§ **WHAT TO DO**
Leave out every picture and set down, exactly, the lines below from the one holding "The immediate chart" up to and including the one holding "- Composé de".
--- DATA SUPPLIED Enclosed Below ---
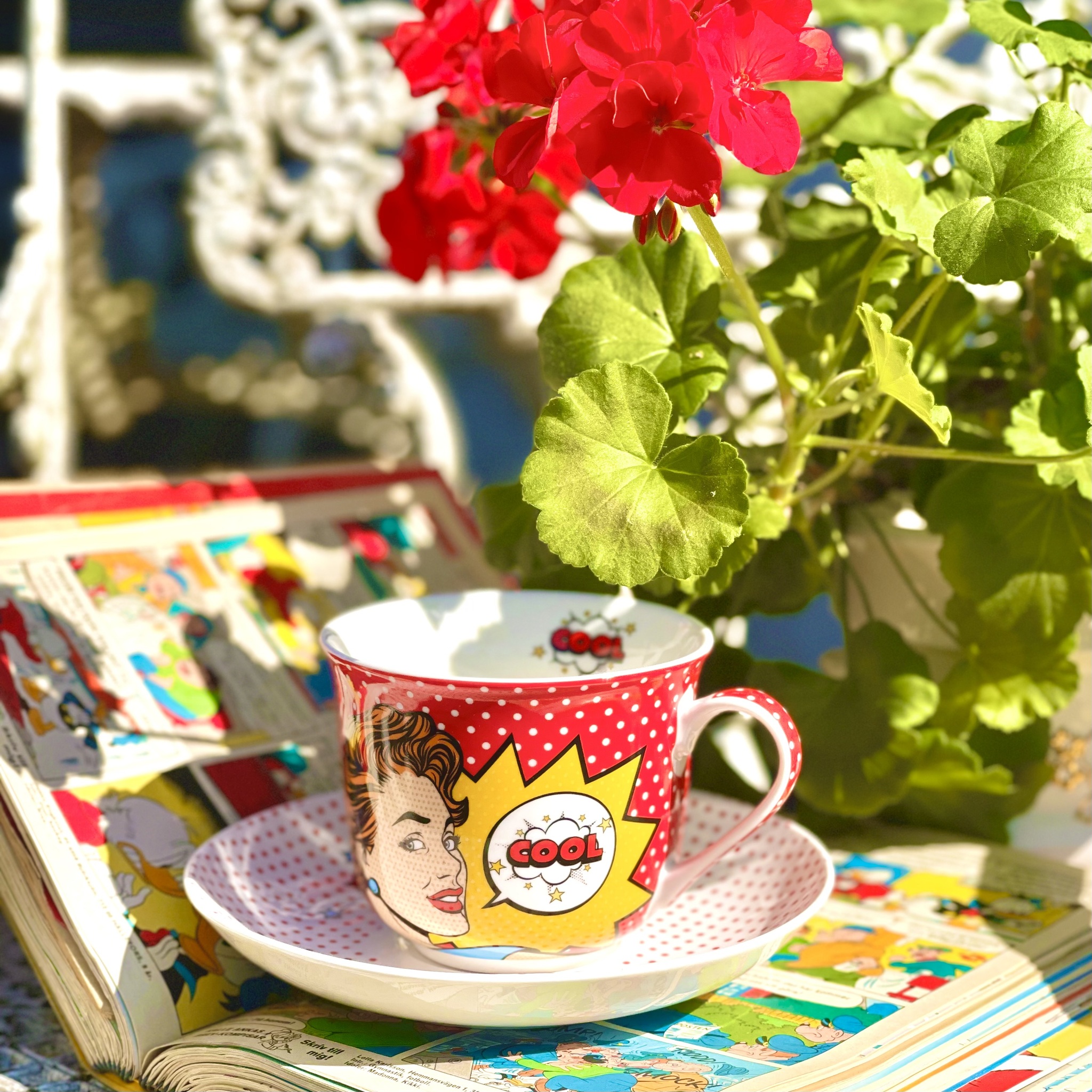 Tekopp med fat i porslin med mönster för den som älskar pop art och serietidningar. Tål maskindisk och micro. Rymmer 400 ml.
--- End of Enclosed DATA SUPPLIED ---
--- DATA SUPPLIED Enclosed Below ---
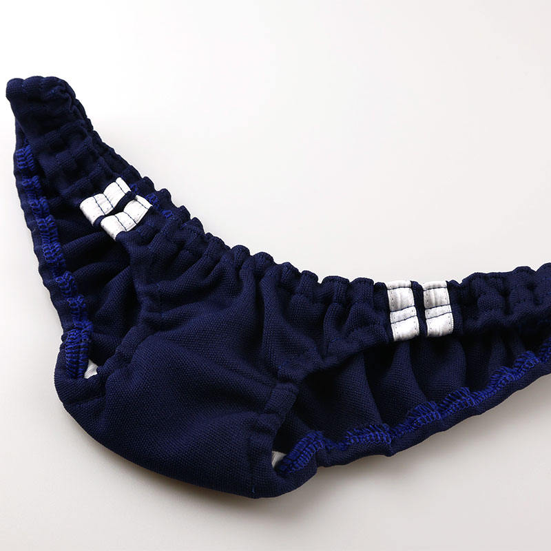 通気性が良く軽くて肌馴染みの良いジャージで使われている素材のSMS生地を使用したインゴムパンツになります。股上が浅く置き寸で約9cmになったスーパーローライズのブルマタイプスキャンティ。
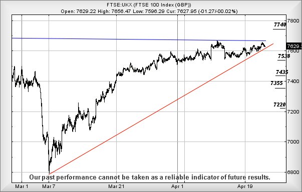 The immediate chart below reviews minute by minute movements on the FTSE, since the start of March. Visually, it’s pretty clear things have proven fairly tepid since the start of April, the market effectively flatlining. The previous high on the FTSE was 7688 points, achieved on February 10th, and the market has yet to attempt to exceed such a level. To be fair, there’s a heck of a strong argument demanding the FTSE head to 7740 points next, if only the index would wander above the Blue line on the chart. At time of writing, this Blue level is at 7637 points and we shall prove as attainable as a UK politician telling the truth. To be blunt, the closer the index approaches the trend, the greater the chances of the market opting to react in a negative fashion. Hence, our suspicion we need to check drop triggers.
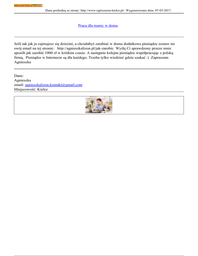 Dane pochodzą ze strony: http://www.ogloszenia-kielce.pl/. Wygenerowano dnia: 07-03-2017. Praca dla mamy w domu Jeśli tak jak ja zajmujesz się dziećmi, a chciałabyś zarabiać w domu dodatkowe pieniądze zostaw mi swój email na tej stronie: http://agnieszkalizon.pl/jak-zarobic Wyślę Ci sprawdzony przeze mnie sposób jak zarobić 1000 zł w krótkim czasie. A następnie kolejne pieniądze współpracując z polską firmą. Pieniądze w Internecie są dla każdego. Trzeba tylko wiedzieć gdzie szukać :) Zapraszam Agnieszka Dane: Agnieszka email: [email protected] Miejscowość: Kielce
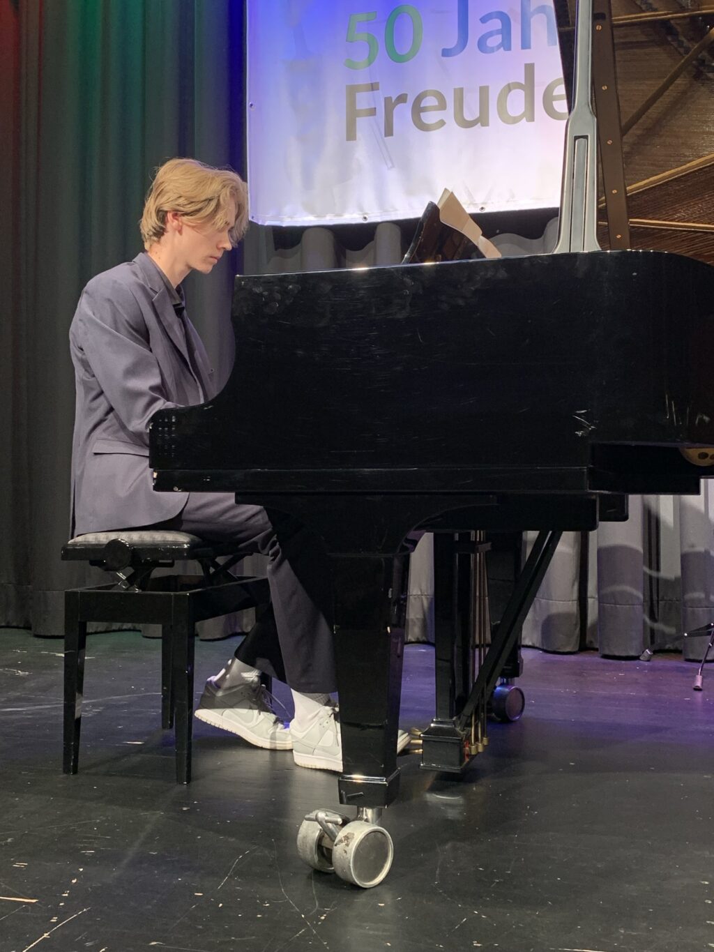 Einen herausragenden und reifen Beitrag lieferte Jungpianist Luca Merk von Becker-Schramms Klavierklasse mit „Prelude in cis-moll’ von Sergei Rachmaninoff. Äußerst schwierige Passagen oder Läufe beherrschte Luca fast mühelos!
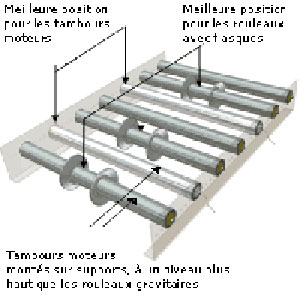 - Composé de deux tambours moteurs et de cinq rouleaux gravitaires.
--- End of Enclosed DATA SUPPLIED ---
§ **RESPONSE TO THE EXERCISE**
 The immediate chart below reviews minute by minute movements on the FTSE, since the start of March. Visually, it’s pretty clear things have proven fairly tepid since the start of April, the market effectively flatlining. The previous high on the FTSE was 7688 points, achieved on February 10th, and the market has yet to attempt to exceed such a level. To be fair, there’s a heck of a strong argument demanding the FTSE head to 7740 points next, if only the index would wander above the Blue line on the chart. At time of writing, this Blue level is at 7637 points and we shall prove as attainable as a UK politician telling the truth. To be blunt, the closer the index approaches the trend, the greater the chances of the market opting to react in a negative fashion. Hence, our suspicion we need to check drop triggers.
 Dane pochodzą ze strony: http://www.ogloszenia-kielce.pl/. Wygenerowano dnia: 07-03-2017. Praca dla mamy w domu Jeśli tak jak ja zajmujesz się dziećmi, a chciałabyś zarabiać w domu dodatkowe pieniądze zostaw mi swój email na tej stronie: http://agnieszkalizon.pl/jak-zarobic Wyślę Ci sprawdzony przeze mnie sposób jak zarobić 1000 zł w krótkim czasie. A następnie kolejne pieniądze współpracując z polską firmą. Pieniądze w Internecie są dla każdego. Trzeba tylko wiedzieć gdzie szukać :) Zapraszam Agnieszka Dane: Agnieszka email: [email protected] Miejscowość: Kielce
 Einen herausragenden und reifen Beitrag lieferte Jungpianist Luca Merk von Becker-Schramms Klavierklasse mit „Prelude in cis-moll’ von Sergei Rachmaninoff. Äußerst schwierige Passagen oder Läufe beherrschte Luca fast mühelos!
 - Composé de deux tambours moteurs et de cinq rouleaux gravitaires.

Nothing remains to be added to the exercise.